In the mountains of local Vietnam, a goliath combine of hands lifts a brilliant string of walkway high over the clifftops, as though the mountain itself has grown limbs.”I feel like I’m strolling on mists,” said Vuong Thuy Linh, a vacationer from Hanoi. “It’s so exceptional”.
Cau Vang or the “Brilliant Bridge” in Vietnam’s Ba Na Hills has pulled in scores of sightseers since it opened in June, anxious to see a novel bit of engineering acclaimed for its uncommon design.The walker walkway, outlined by TA Landscape Architecture in Ho Chi Minh City, sits at more than 1,000 meters (3,280 feet) above ocean level and stretches out over the treetops from the edge of a verdant bluff face, offering travelers continuous perspectives of the grand scene underneath.

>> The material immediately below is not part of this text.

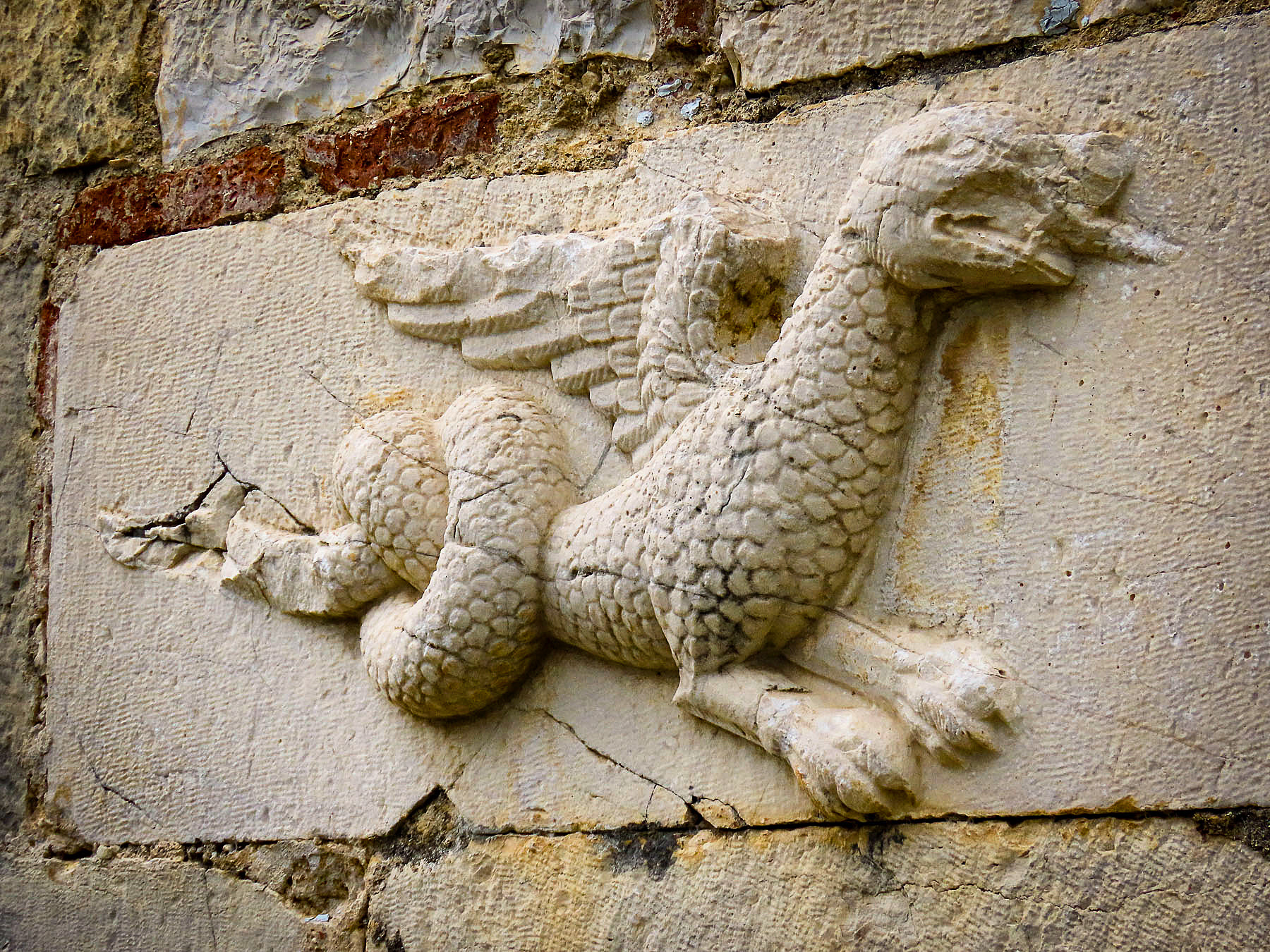 Carved stone relief sculptures on outside walls of serpent dragons with their twisting tails tied in knots, as well as a lion, are attributed to the church’s ancient Greek builders.

The extension was intended to summon the picture of the “monster hands of Gods, hauling a portion of gold out of the land,” said Vu Viet Anh, Design Principal at TA Landscape Architecture.The Ba Na Hills, a prominent escape for the French amid the frontier control of Vietnam, got more than 2.7 million guests a year ago, as indicated by the Vietnam National Administration of Tourism.But it is the Golden Bridge and its backings – two colossal stone-hued human hands styled so that it looks as though the wilderness is attempting to recover them – which have accumulated the most consideration from guests.